§ **WHAT YOU NEED TO DO**:
Given the entries below, would you transcribe exactly the lines starting at the one with "Laissez-vous séduire par" and ending at the one with "Classic with a", both kept, pictures omitted, nothing extra?

§ **AVAILABLE DATA**:

.....

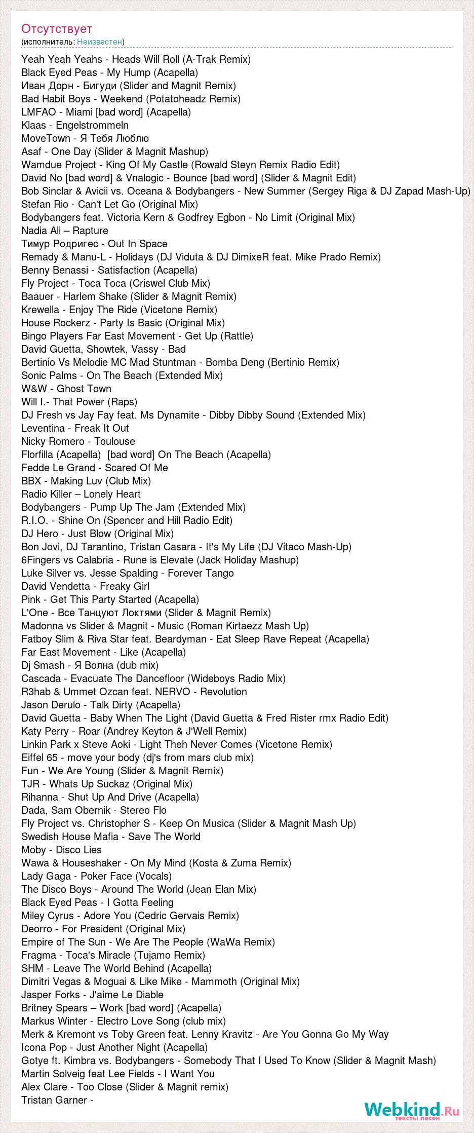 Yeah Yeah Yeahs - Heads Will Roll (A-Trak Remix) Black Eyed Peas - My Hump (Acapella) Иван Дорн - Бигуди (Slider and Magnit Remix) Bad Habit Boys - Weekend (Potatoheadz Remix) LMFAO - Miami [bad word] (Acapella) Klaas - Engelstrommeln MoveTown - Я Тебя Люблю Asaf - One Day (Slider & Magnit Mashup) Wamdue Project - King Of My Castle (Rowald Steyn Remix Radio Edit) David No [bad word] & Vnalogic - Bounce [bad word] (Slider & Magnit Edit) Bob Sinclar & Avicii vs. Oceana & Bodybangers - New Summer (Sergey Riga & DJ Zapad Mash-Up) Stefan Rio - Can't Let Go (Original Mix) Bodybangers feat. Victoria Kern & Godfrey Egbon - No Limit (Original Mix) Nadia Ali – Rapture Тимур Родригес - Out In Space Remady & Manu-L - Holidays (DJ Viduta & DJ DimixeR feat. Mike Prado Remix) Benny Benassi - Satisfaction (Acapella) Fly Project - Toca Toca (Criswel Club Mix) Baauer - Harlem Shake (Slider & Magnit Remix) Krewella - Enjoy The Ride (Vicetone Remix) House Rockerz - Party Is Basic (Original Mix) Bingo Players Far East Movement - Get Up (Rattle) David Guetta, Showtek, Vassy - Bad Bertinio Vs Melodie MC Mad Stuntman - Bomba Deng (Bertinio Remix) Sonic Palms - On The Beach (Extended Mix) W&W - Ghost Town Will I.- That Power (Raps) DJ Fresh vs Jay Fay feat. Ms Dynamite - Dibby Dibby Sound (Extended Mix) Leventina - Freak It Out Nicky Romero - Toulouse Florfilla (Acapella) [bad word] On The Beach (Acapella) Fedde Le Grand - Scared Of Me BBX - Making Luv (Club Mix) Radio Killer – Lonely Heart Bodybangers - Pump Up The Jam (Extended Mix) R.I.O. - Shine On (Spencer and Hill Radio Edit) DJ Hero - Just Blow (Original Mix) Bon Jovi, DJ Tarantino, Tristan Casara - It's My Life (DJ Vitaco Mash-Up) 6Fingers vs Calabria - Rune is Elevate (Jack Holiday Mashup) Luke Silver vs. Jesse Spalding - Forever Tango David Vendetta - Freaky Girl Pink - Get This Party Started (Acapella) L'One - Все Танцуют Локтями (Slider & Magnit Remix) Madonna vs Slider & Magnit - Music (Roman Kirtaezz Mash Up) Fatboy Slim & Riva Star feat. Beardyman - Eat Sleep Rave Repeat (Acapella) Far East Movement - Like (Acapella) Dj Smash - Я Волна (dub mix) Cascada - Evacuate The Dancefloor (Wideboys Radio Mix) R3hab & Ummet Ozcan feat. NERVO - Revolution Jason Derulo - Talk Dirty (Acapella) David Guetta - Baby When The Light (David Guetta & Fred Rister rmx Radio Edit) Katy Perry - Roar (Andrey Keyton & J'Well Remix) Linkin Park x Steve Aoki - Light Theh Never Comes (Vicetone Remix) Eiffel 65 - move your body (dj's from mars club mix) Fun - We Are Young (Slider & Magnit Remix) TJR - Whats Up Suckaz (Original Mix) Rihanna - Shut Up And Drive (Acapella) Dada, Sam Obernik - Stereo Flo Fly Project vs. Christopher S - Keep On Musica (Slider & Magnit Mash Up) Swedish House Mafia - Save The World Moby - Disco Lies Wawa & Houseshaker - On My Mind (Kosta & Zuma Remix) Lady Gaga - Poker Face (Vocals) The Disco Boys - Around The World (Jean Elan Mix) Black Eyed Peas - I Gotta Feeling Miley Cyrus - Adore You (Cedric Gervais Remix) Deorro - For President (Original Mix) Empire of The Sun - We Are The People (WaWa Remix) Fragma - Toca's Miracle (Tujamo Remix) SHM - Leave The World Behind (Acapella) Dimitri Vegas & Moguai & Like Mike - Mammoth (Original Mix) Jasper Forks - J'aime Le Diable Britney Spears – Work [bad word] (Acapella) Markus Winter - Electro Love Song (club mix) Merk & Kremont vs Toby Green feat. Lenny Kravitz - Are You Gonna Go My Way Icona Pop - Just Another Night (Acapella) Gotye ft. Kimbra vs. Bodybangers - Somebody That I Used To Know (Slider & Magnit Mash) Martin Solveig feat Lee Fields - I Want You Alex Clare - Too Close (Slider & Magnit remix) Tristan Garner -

.....

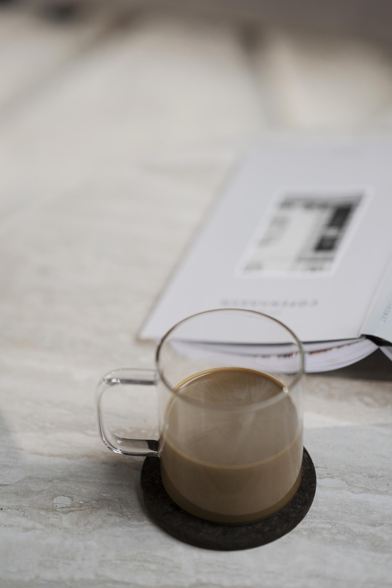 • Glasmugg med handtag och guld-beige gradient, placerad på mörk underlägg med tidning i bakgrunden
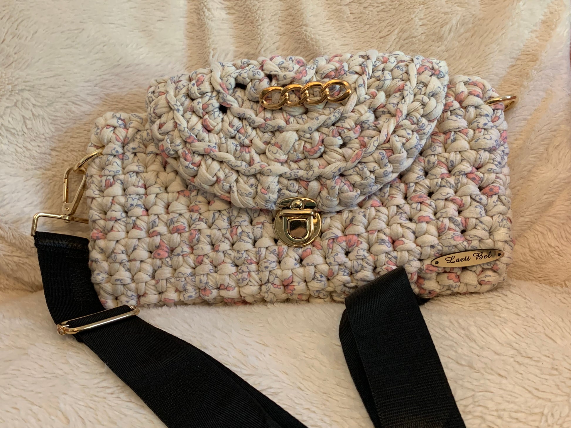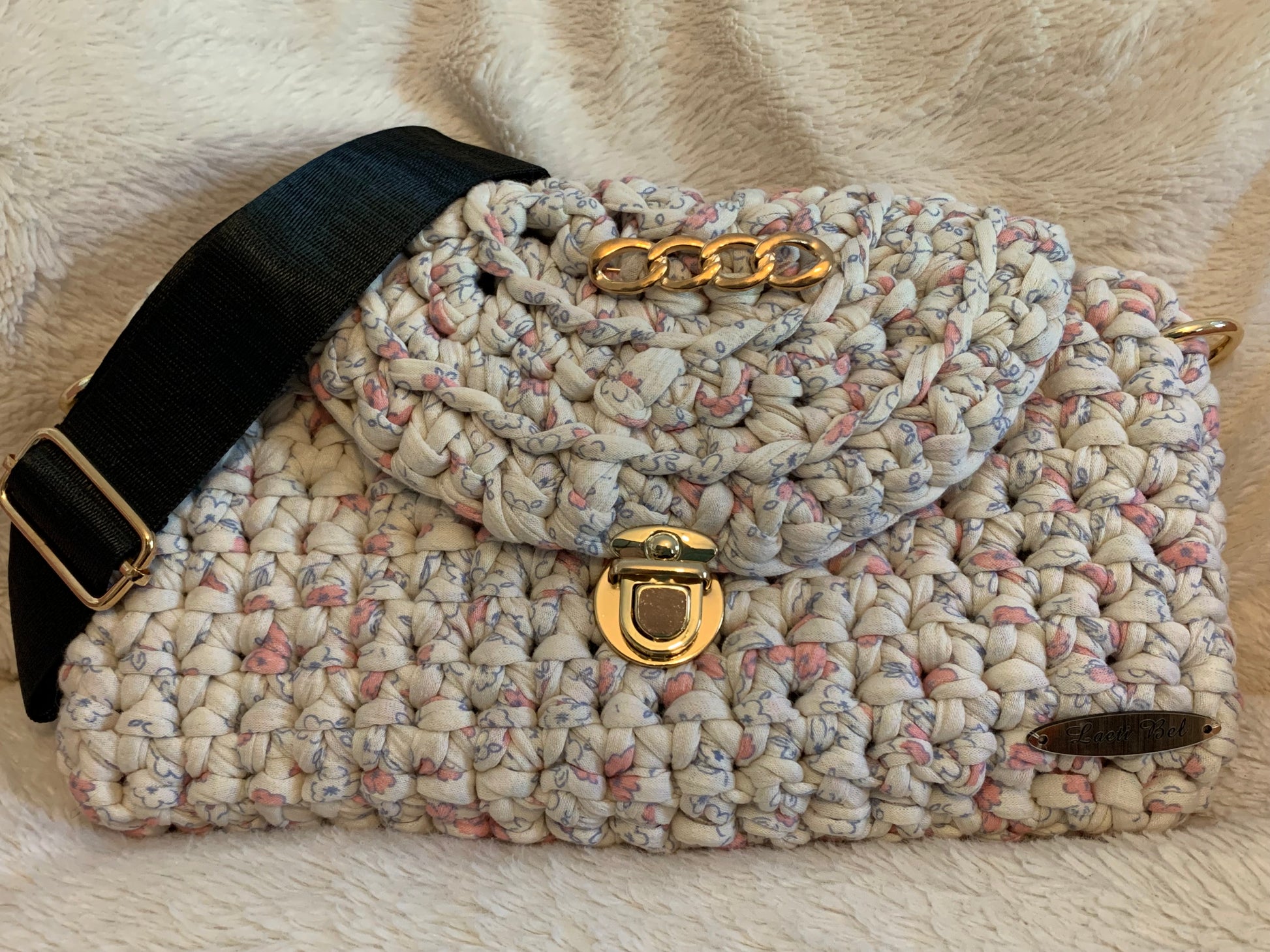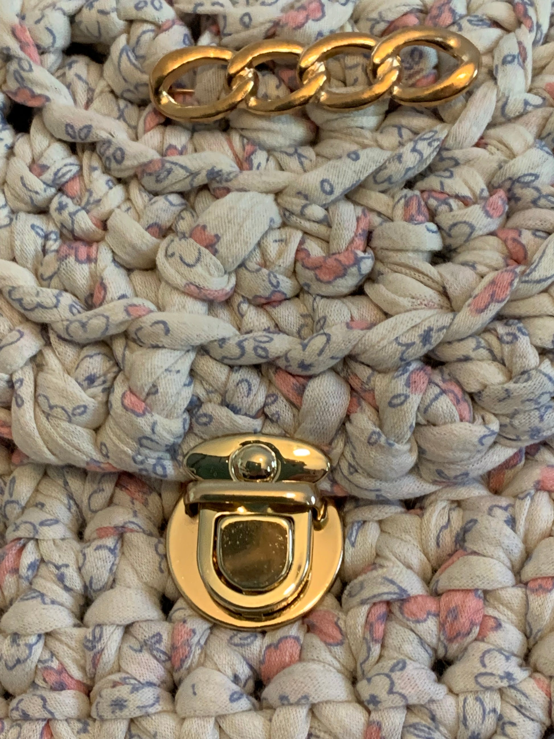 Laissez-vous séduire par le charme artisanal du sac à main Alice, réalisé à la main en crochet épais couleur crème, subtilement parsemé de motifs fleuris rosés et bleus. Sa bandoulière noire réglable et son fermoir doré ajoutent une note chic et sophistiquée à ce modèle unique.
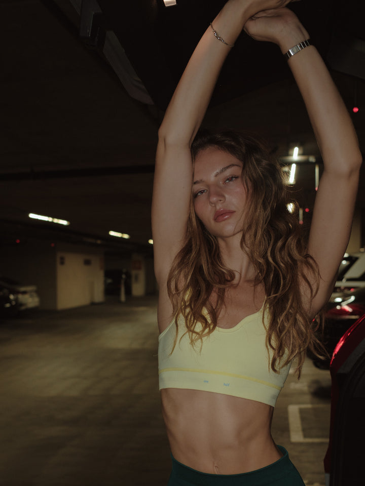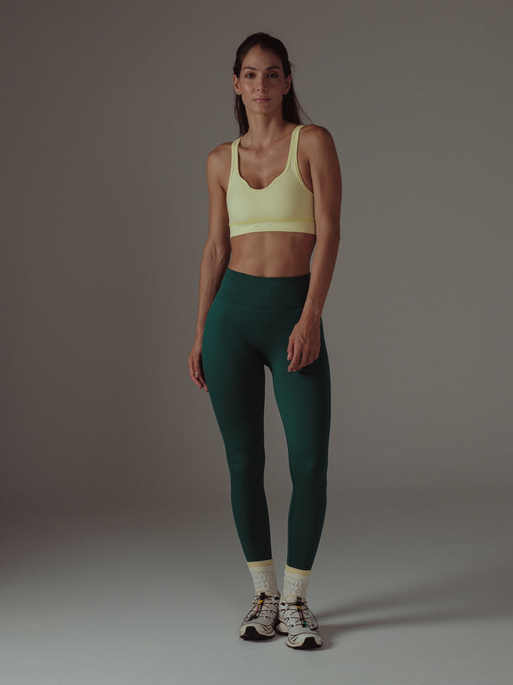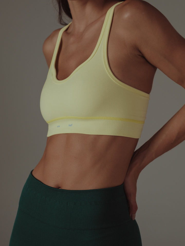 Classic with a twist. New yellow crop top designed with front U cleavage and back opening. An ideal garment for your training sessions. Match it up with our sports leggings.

.....

§ **WRITTEN ANSWER**:
 Laissez-vous séduire par le charme artisanal du sac à main Alice, réalisé à la main en crochet épais couleur crème, subtilement parsemé de motifs fleuris rosés et bleus. Sa bandoulière noire réglable et son fermoir doré ajoutent une note chic et sophistiquée à ce modèle unique.
 Classic with a twist. New yellow crop top designed with front U cleavage and back opening. An ideal garment for your training sessions. Match it up with our sports leggings.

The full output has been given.